1. Master Plan design similar to Sunway city, Midvalley, Bangsar South, etc. Retail components and residential mix are there to support the overall long term success of the project (assuming majority are occupied)

2. Connectivity (dash, LDP, etc)

3. It's one of the last piece of master plan design located in PJ area.

4. taken over by a highly reputable developer. after abandonment

5. For sure, oversupply in the market is a major issue that might impact sales performance of this project.

6. The rise in steel prices (regardless of whether it will normalise or not) is going to cause either delay while waiting for price normalisation or, leading to an overall increase in construction cost (either way it leads to the increase in total cost of construction). End product quality is something that must be considered especially for this particular project, the reason why this is particularly important for this project is because it is actually price fairly reasonably (without taking into consideration of density).

7. Also, to add to the previous point. COVID-19 is a black swan event and this is will impact all projects that has had a fairly successful pre-launch. Anything that was sold pre-covid has not yet priced in the delay and potential rise in steel prices which may or may not effect the bottomline of the company.

8. The approach of driving multiple project (5-7) in parallel is something that is different from other masterplan, The strategy for other masterplans is to slowly develop the township by first attracting residential component with affordable product before expanding the total masterplan into a successful one (Midvalley, Sunway City, Subang, etc). However, the approach for empire city is actually the first time we are seeing a developer going all out to mass develop a piece of land in one shot. Success factor of the mall depends on anchor tenant (which is usually driven by foot traffic, we can safely say this is non-existent at the moment). So the concern here is that there might not be enough foot traffic to make to support the mall, and no attractive commercial incentive to support the residential side (compounding effect).

9. The recent cash injection from Rubberex is an interesting one, it is all settled in Cash which mean it could be Exism's strategy to maintain liquidity due to covid. Or it could be a strategy for Exsim to secure a strong supporter/potential tenant for their office spaces to build up anchor tenants to drive the commercial and residential take up (we dont know at this stage).
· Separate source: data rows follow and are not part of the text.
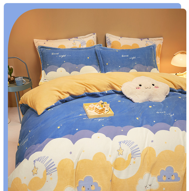 博洋 Детский зимний комплект для мальчиков, двусторонная флисовая простыня, коралловый пододеяльник, 4 предмета, постельные принадлежности, 3 предмета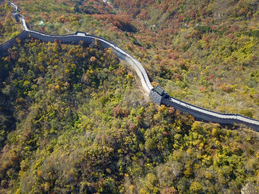 Aerial photo shows autumn scenery at the Mutianyu Great Wall in Beijing, Nov. 4, 2019. (Xinhua/Chen Zhonghao)
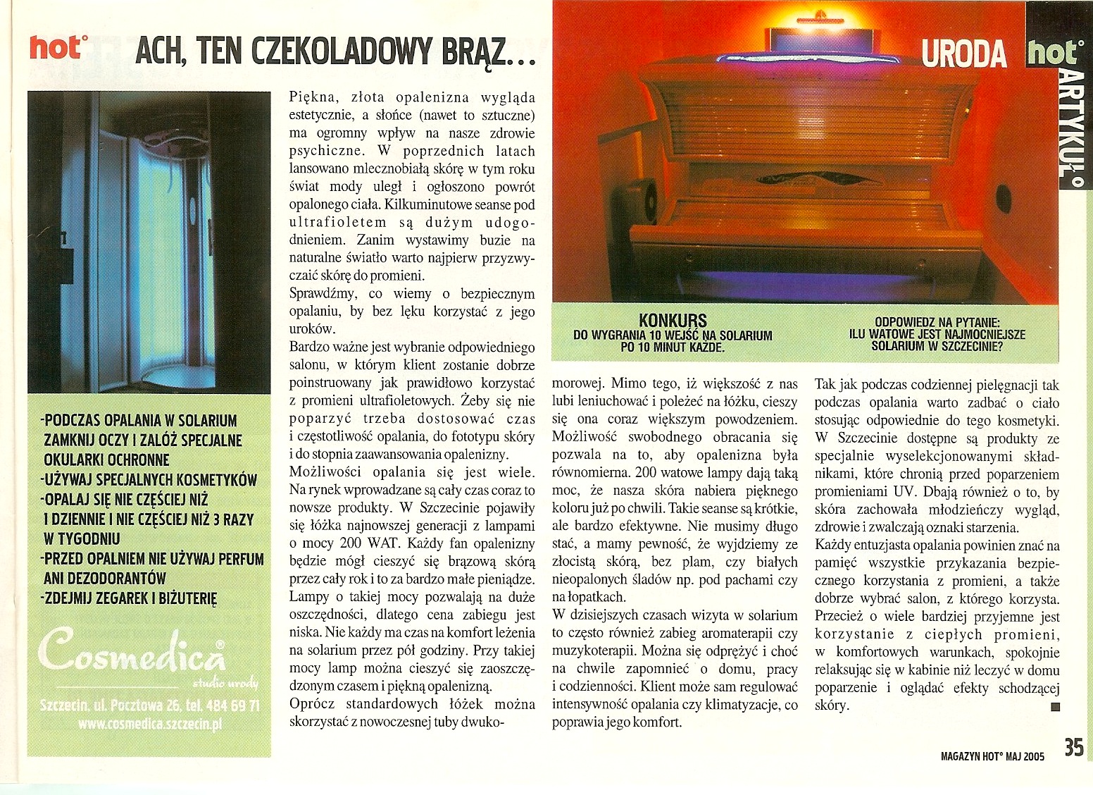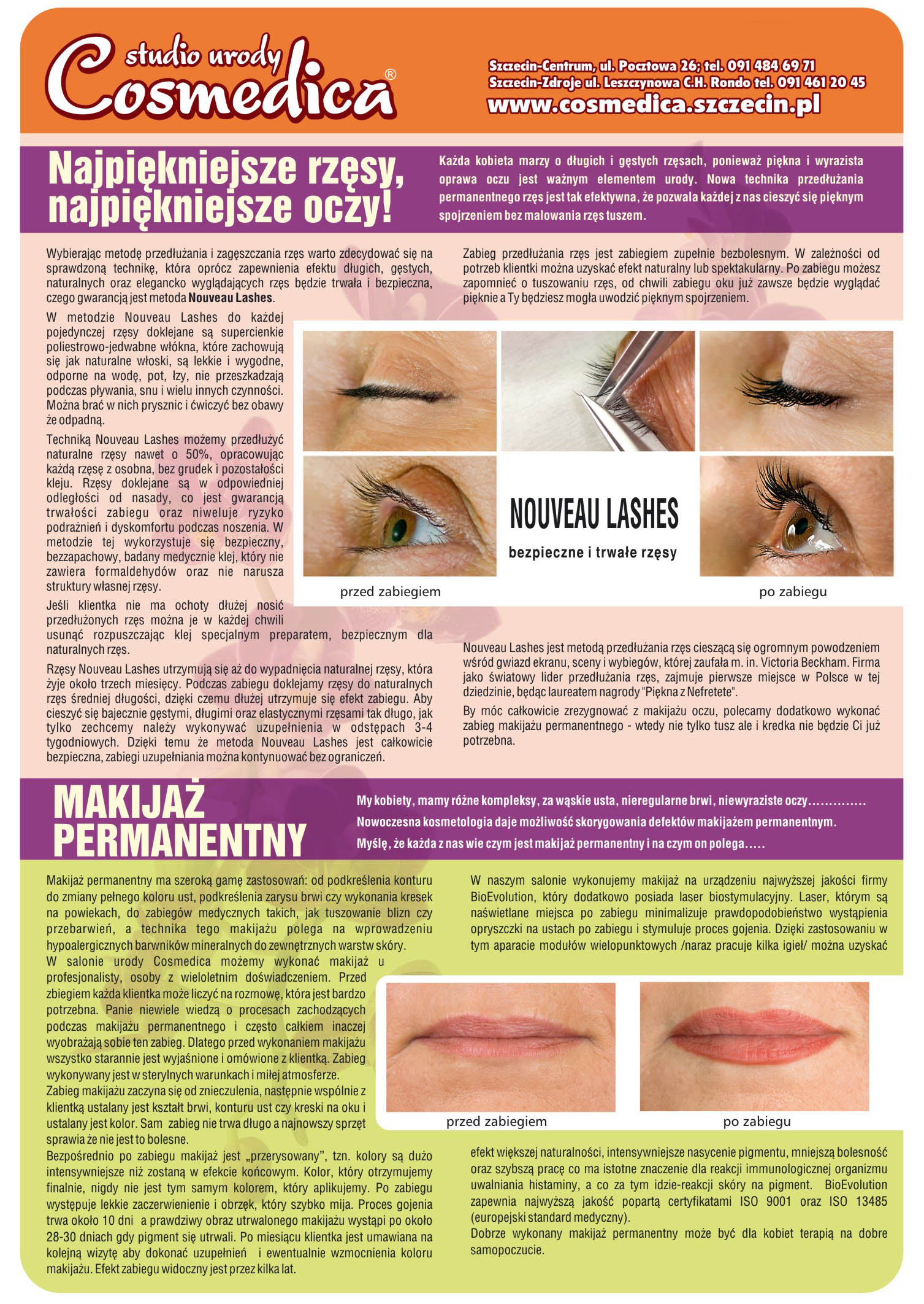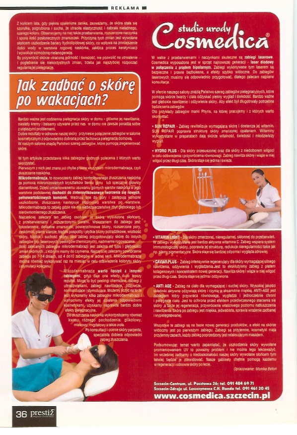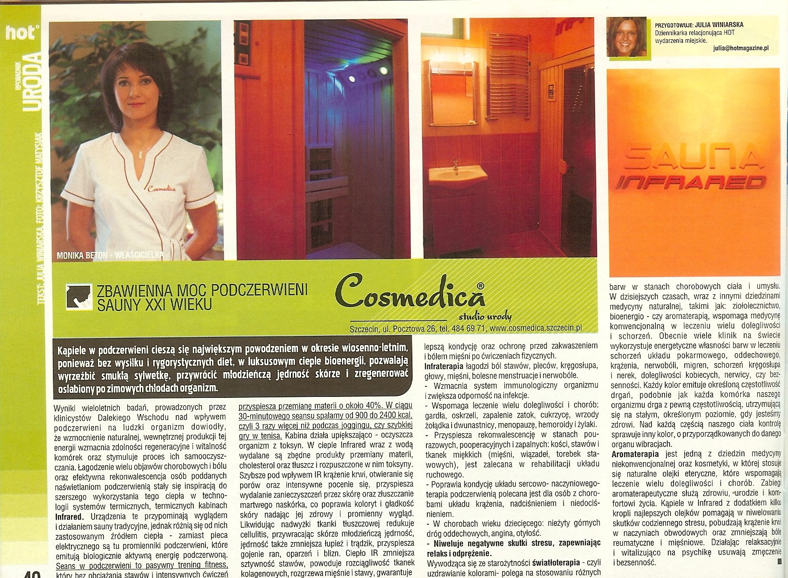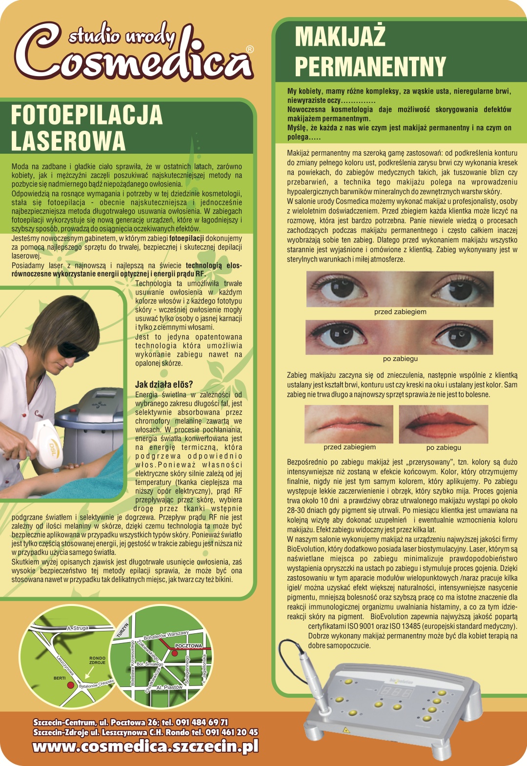 Cosmedica – Gabinet Kosmetologii Estetycznej, mieszcząca się w centrum i na prawobrzeżu Szczecina, powstała w 2003 roku z zamiarem świadczenia najwyższej jakości usług w dziedzinie kosmetologi, medycyny estetycznej, wyszczuplania, opalania oraz innych dziedzinach mających na celu upiększanie i poprawę samopoczucia oraz zdrowia naszych klientów poprzez estetyczny i zdrowy wygląd skóry.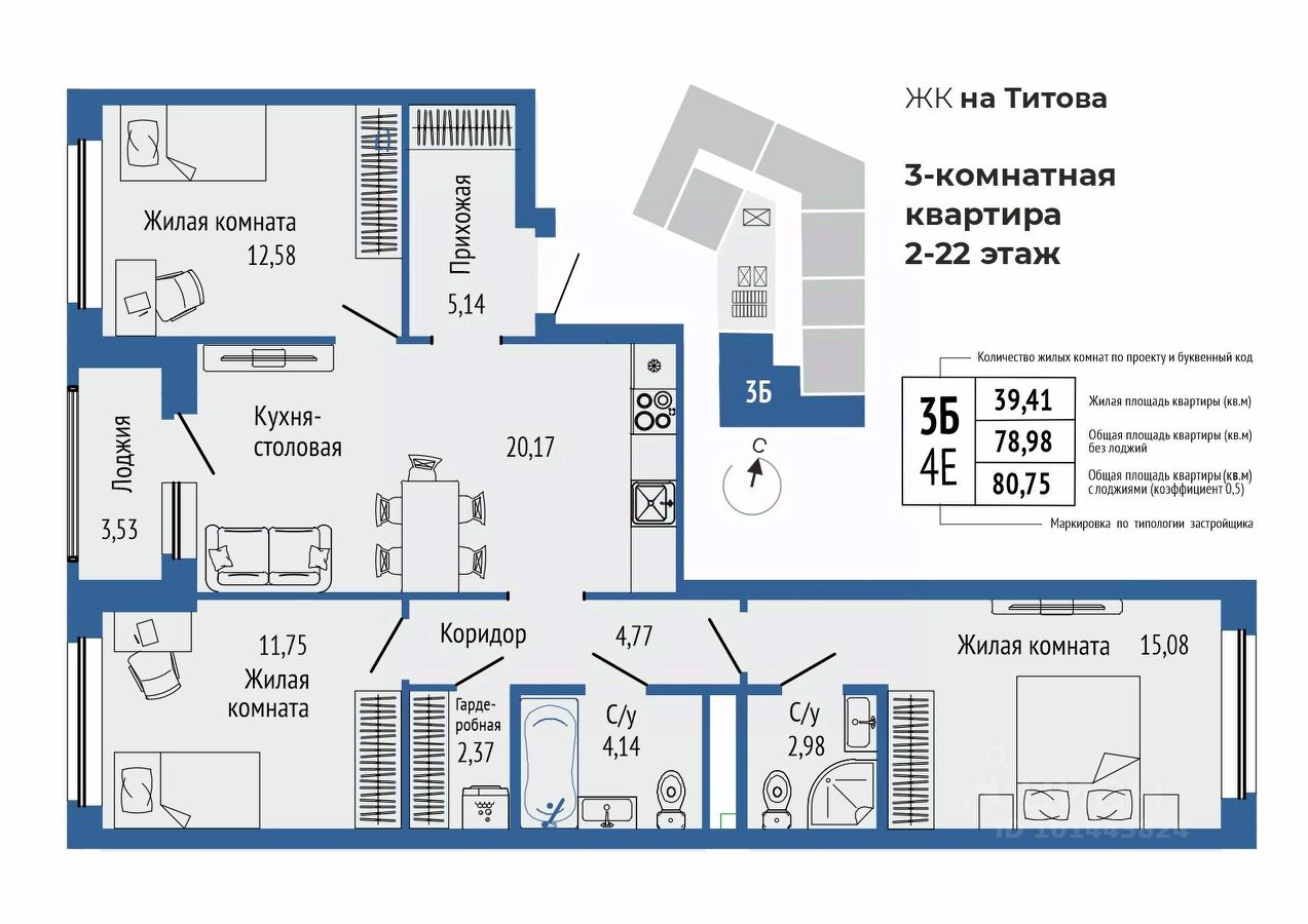 продам 3-к, Титова, 19.1 стр.11 951 051 ₽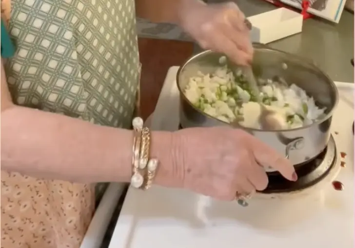2. Place a skillet over medium heat and add ½ stick of salted butter. Add the chopped onion and bell pepper and sauté until soft and tender, stirring occasionally. Once cooked, remove from heat and set aside.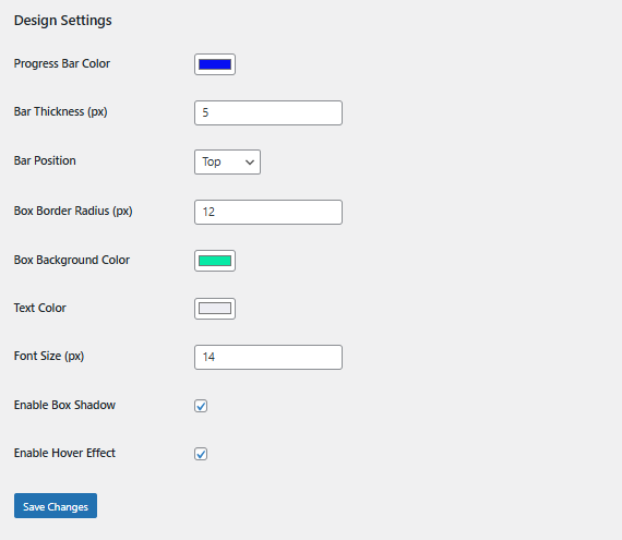 Advanced Design Settings – Color pickers for progress bar, reading time box styling, text colors, background colors, plus size controls (bar thickness, font size, border radius) and effect toggles (box shadow, hover effects)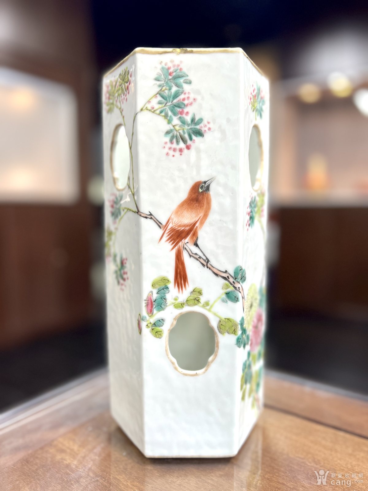 清光绪名家青山氏作浅绛花鸟诗文六方开窗帽筒
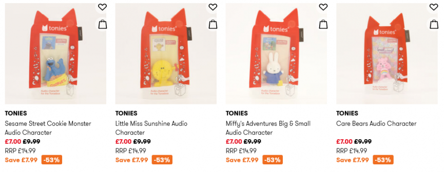 If you're looking for deals on Tonies then this is an offer you won't want to miss! We've spotted Tonies products including the character figurines with up to 54% off at TK Maxx. You can purchase these online too so don't worry about traipsing round the shops, they're right here for you!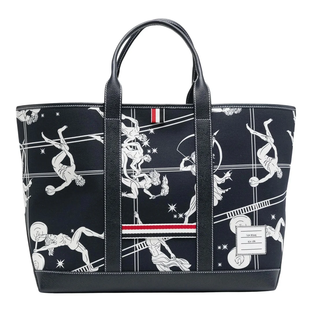 300046057NVY-NS / S5MAG389A-F0891/00/415 - Navy canvas construction with white leather trim - Dual leather handles - Signature tricolor stripe detailing - Nautical athletic motif print - Structured tote silhouette - Interior compartments - Unisex design Thom Browne Medium Tool Tote Unisex delivers sophisticated functionality with signature nautical-inspired design elements. Crafted from premium navy canvas with contrasting white leather trim, featuring the brand's iconic athletic motifs and tricolor stripe detailing. The structured construction and dual handle design create a refined carryall perfect for contemporary urban lifestyle.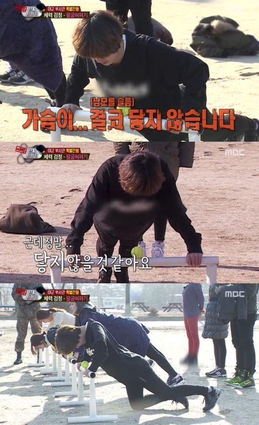 그러나 안영미는 단 한개도 성공하지 못했다. 팔굽혀펴기는 공이 있는 곳까지 몸을 내려 가숨을 닿게 해야하는데 안영미는 이에 성공하지 못했던 것.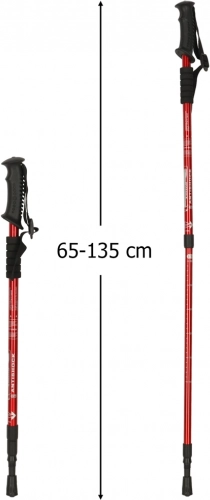 Med et låsemekanisme kan du let justere stængernes længde efter behov i området 65-135 cm, hvilket giver den nødvendige støtte på forskelligt terræn.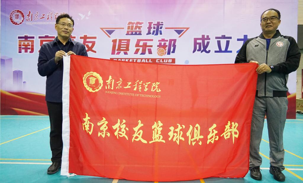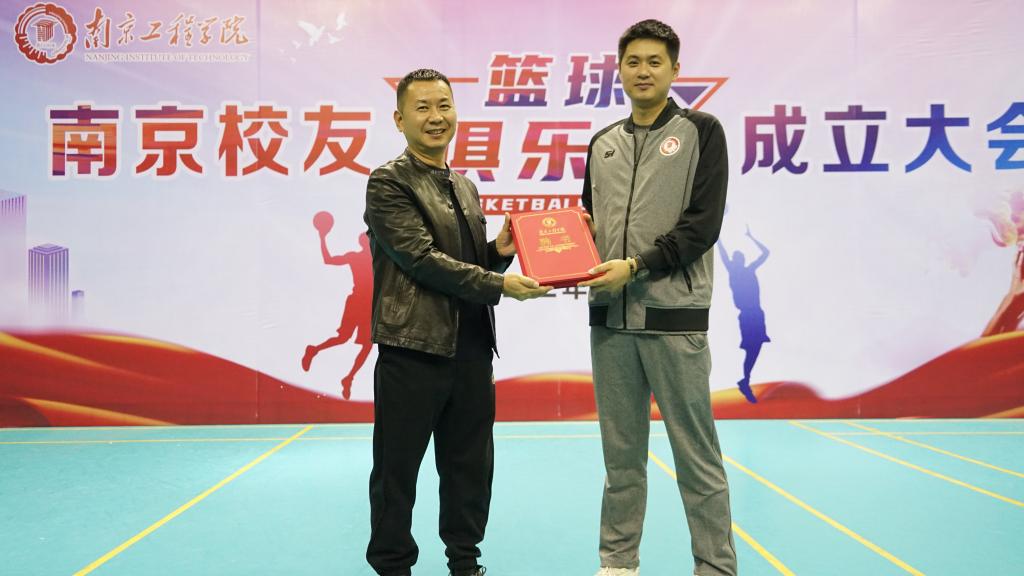 会上,太阳集团南京校友联谊会秘书长张方华校友宣读南京校友篮球俱乐部组织机构名单。张仰飞副院长向南京校友篮球俱乐部授予会旗,体育部相关负责人为篮球俱乐部理事会发放聘书。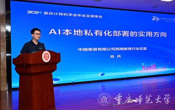 中国惠普有限公司西南教育行业总监肖兵作了题为《AI本地私有化部署的实用方向》的报告,他谈到,在人工智能AI新技术的驱动下,越来越多的高校开设人工智能相关专业和课程,为AI行业培养了大量的专业人才。他介绍了惠普公司基于AI 端侧算力工作站平台进行的私有化部署解决方案等方面的成果。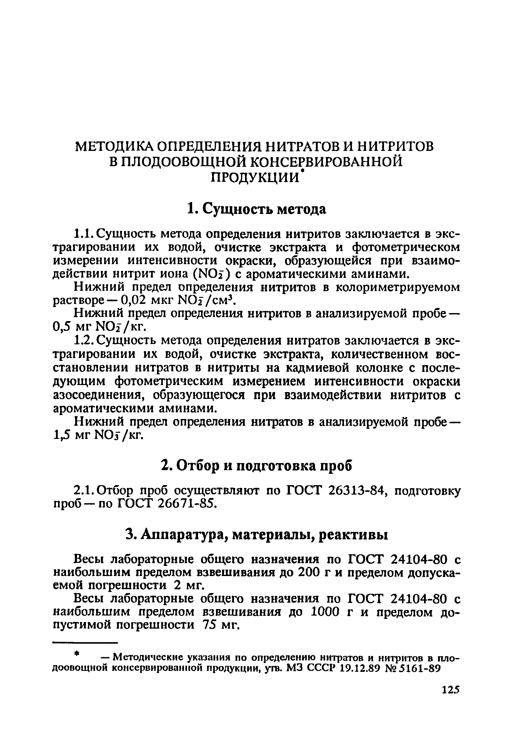 Методика определения нитратов и нитритов в плодоовощной консервированной продукции| Статус: | справочные материалы, мп, тпр | | Название рус.: | Методика определения нитратов и нитритов в плодоовощной консервированной продукции | | Дата добавления в базу: | 12.02.2016 | | Дата актуализации: | 01.01.2021 | | Оглавление: | 1. Сущность метода 2. Отбор и подготовка проб 3. Аппаратура, материалы, реактивы 4. Требования техники безопасности при проведении испытаний 5. Подготовка к испытанию 6. Проведение испытания 7. Обработка результатов | | Разработан: | Научно-исследовательский институт медицинского профиля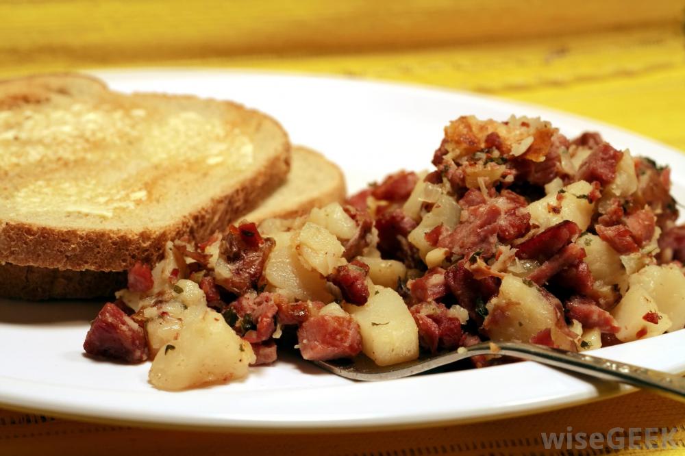 虽然腌制牛肉杂烩的食谱有很多种,但大多数都遵循一些基本的配料表,包括腌牛肉、土豆和各种香料或调味料。例如,在美国,这些菜通常一起放在热锅里煮,通常是用铸铁做的,上桌时加一个煎蛋另一方面,英国通常是用罐装肉做的,不一定要和鸡蛋一起吃。这种肉罐头的使用与美国人的食谱形成了鲜明的对比,美国的食谱通常是用新鲜的、剩下的腌牛肉来做这道菜。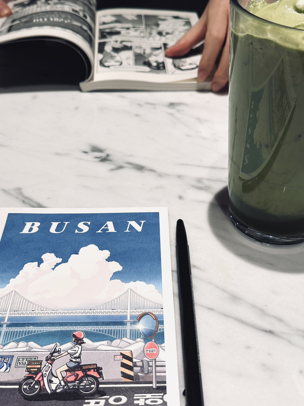 거의 휴가 때마다 찾아가서인지 이제는 왠지 방문하는 것만으로도 맴이 편해지는 GFC 폴바셋. 친구에게 쓰려고 부산에서 엽서를 사 왔는데 엽서를 쓸 시간이 없었고 결국 받는 사람을 앞에 두고 엽서 쓰게 됐다. 출국일이 코앞이라 아쉬움 가득한 인사를 하고 친구와 헤어졌다.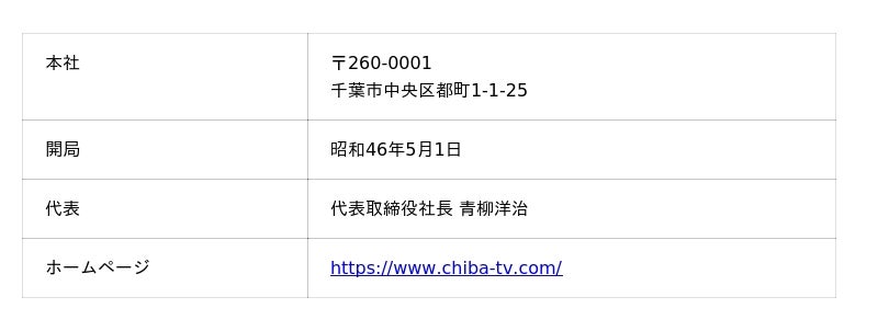 千葉テレビ放送株式会社(チバテレ)は千葉県を放送エリアとする放送局です。地域情報番組「ちば朝ライブ モーニングこんぱす」の他、スポーツ中継などを中心に放送しています。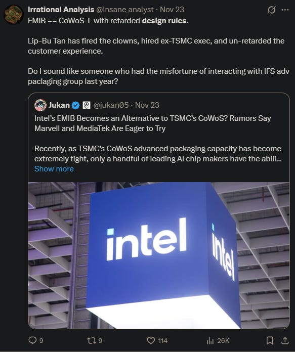 Global Foundries ( GFS 0.00%↑ ) sucks across all segments. If I worked at a hedge fund, I would 100% seriously pitch a MASSIVE short GFS, long TSEM.

10. One of the things we need to look out for is also the infrastructure investment for non-sellable assets such as roads and bridges. Infrastructure is good to entice buyer to buy as it can we sold as an integrated City, but also do bear in mind that such investment requires very high cash injection with no direct return on investment (if you see the roads currently, it's not really a priority at the moment due to heavy truck access). Injecting so much money into multiple infrastructure requirements is something that we should keep an eye on.

11. existing demographic of residents in that area might be something everyone needs to look into post abandonment.
In think in summary we need to look out for key indicators that will determine the success or failure of the project (at least in my opinion):

i:) Ability and strategy to acquire anchor tenants for office/retail/hospitality spaces. This is going to be key as it will be needed to drive the sales of the residential component in an oversupply market.
ii:) Management of their cashflow with 6-7 project running in parallel in DCP.
the skybridge obviously makes sense due to the connectivity that it would bring and the indirect intrinsic value for residences to able to access the retail spaces.

As for the rock face park, I dont think this is likely at this stage (not saying it wont happen), but although it might be a nice afterthought, with the current cashflow requirements i dont think it's likely that Exsim will focus on this at this stage as the cost benefit analysis does not seem to make sense at this stage.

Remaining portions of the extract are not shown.